Energy is the ultimate limit to growth.  In natural systems … Everything grows larger right up to the limit of the energy it has available to it.

No energy, no economy.

Economic growth depends on exponential growth of oil production.  95% of everything that moves from point A to point B in our global economy does so because of oil.

Oil is the most important resource of all for a growing economy. Oil is the master resource.

Over the last 50 years, every 1% increase in GDP required roughly a 1/4% increase in oil production.

We are past the point of peak cheap oil.  Oil is no longer cheap, but expensive, and will stay that way.

Expensive oil tells us that there is simply less leftover surplus to fuel the global economy. Just as importantly, our ever growing piles of money and debt are implicitly assuming that there will always be a larger economy to match them against, and that assumes that there will always be more net oil and energy in the future. This is a colossal bet, and if it turns out to be wrong, if the premise itself is incorrect, then Houston we have a problem.

Oil discovery peaked in the 1960s. This oil that we found back then was all cheap oil, located near the surface and freely flowing, no fracking required.
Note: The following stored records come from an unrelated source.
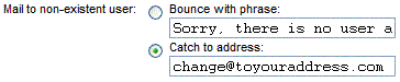 then you can disable your "catch all" feature. How can I force all unresolved email to bounce back with a specific message? |
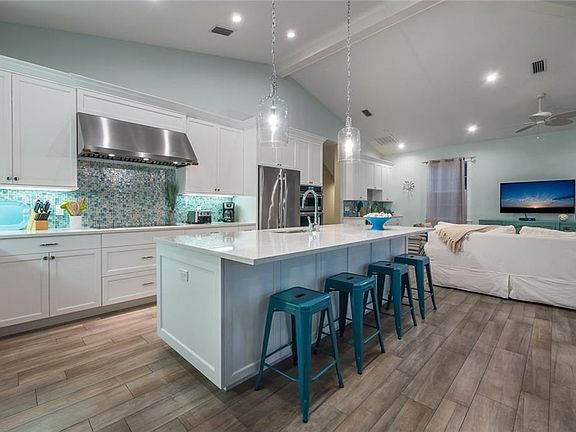 This exquisite luxury 5 bedroom 4.5 bath home is 2 blocks from the beach, and two streets to the shops on Pine Ave, and minutes to restaurants, and the City Pier. The home is offered tastefully turnkey furnished by a professional decorator. The remarkable open floor plan living space with high ceilings allows plenty of room for the whole family, with one of the four master bedrooms located on the same floor. The faux wood tile floors are the perfect accent to the granite counters, stainless steel appliances and custom cabinetry in the gourmet kitchen. True Florida outdoor living resides downstairs. There is a covered space downstairs is perfect for an outdoor entertaining area. Host the perfect event while your guests swim in the large heated pool or relax in the hot tub. A true Island paradise."
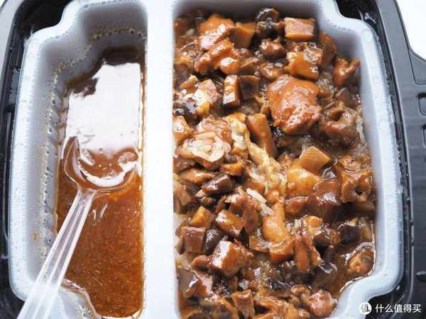 120克的米飯,180克料包,還附送一小包仲景香菇醬。鹵肉很地道,香菇與肉大約1:1,濃鬱的蔥香,味道鮮香甜美,醬汁非常下飯。不夠下飯也還有香菇醬幫忙。裡面還附送紙巾,甚至給瞭個塑料袋用於裝垃圾,貼心!除瞭價格,真沒啥缺點瞭!
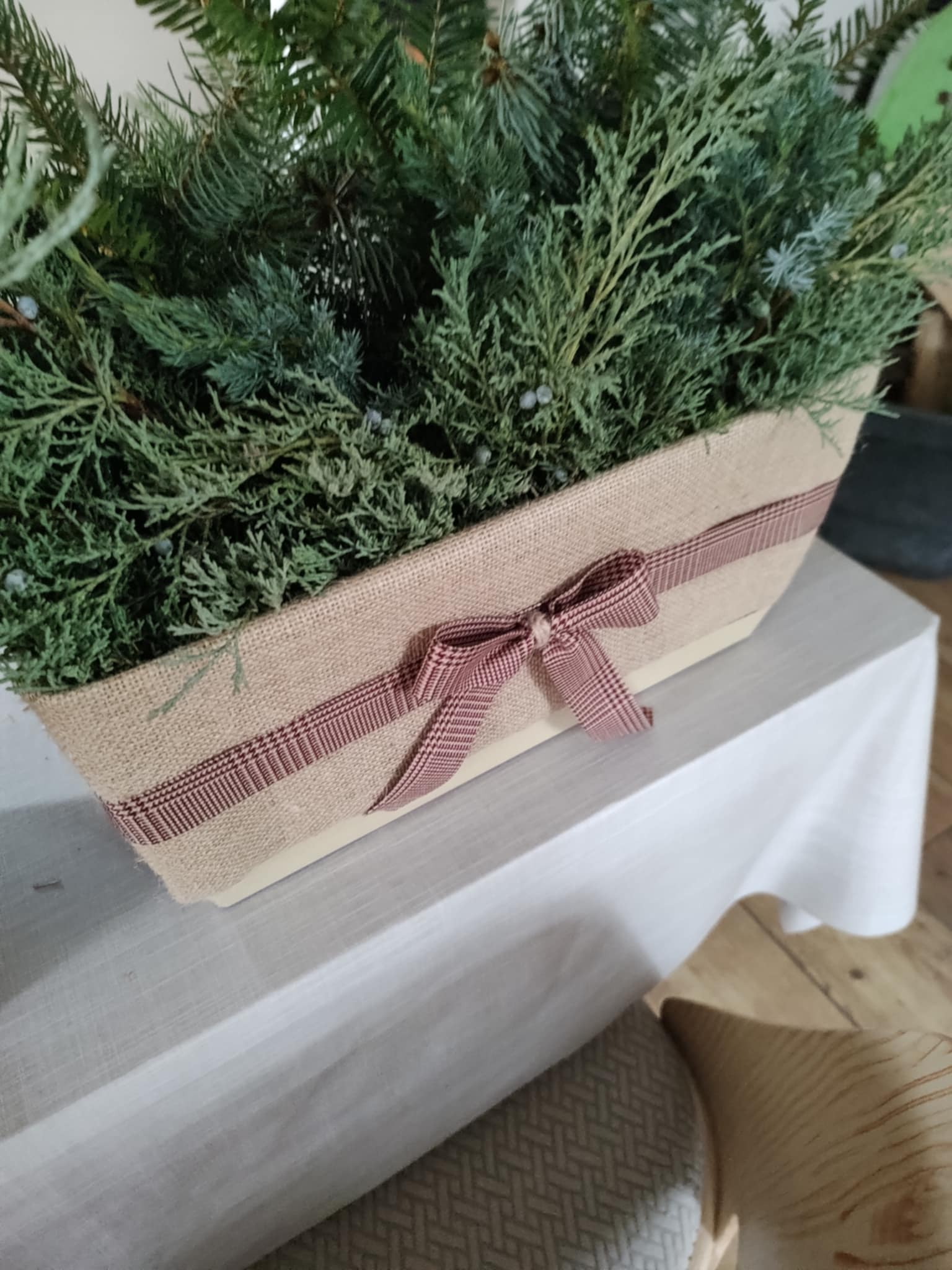 Kolem celého truhlíku omotejte stuhu a na přední straně vytvořte mašli.

Net energy from oil extraction is dwindling.  Give or take, there is roughly the same amount of oil being produced globally today as there was in 2005, only we are spending twice as much in getting it out of the ground.

Less net energy means the end of growth.  The really big predicament here is that our entire money system, including all the debts and the currency, as well as all the unfunded liabilities, can be met if and only if we have sustained permanent economic expansion. When the time comes to admit that we cannot have sustained permanent economic expansion, we will also have to admit that we cannot grow our debt levels any further.
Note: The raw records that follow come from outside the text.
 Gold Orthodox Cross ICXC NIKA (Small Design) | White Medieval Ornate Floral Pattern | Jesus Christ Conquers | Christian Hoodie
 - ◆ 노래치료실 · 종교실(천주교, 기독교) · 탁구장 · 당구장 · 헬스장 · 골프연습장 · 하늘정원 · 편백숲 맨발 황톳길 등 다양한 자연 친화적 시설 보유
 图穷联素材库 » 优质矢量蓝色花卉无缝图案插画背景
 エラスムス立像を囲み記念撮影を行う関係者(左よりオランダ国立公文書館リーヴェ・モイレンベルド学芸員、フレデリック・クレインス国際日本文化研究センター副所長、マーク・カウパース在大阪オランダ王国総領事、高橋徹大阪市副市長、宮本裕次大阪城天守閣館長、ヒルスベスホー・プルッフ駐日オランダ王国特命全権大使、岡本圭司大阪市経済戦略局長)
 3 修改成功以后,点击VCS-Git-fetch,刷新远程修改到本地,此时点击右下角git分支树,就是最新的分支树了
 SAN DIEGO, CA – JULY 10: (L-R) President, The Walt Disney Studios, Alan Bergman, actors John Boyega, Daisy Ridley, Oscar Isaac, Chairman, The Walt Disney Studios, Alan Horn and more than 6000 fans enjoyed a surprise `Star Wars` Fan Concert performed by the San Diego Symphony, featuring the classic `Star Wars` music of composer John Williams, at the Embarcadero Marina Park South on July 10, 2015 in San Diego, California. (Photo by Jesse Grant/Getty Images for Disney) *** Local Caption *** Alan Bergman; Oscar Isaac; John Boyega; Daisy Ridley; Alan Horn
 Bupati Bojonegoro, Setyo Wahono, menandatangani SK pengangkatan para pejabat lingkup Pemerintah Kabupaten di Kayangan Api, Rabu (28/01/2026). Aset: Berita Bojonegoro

These are all very big, very powerful trends that are here right now, and anybody can Google up the data and see it for themselves

Environment

Waste streams into ecosystems are growing exponentially.  The increasing demand of exponentially more resources being extracted from the ground, and exponentially more waste being put back into various ecosystems.

Critical resources are being depleted just like oil.  Oil is not the only essential resource that is fast becoming harder to find, more expensive to produce, or both.

In fact we see an alarming number of examples of depletion of critical resources that almost exactly mirror the oil story. First we went after the easy and or high quality stuff, then the progressively trickier, deeper and or more dilute stuff.

The story here is that we, as a species, all over the globe, have already mined the richest ores, found the easiest energy sources, and farmed the richest soils that our Environment has to offer.

Lower ore grades mean more energy and cost.  The amount of energy and money that is required to extract any mineral or metal is a function of the ore grade.

Now we have things like the Bingham Canyon mine in Utah. It is two and a half miles across and three-fourths of a mile deep, and it started out as a mountain. It sports a final ore concentration of 0.2%. Do you think we’d have gone to this effort if there were still massive copper nuggets lying around in stream beds? No way.

We’ve already high-graded all the other known ore bodies… after only 200 years of pursuing an industrial economy, we’ve already burned through all the better grades.

Critical resources cannot be replaced.  We have taken several hundreds of millions of years of natural ore body, fossil energy deposition, aquifer accumulation, soil creation, and animal population growth — and largely burned through them in the few years since oil was discovered. It is safe to say that in human terms, once these are gone, man, they’re gone.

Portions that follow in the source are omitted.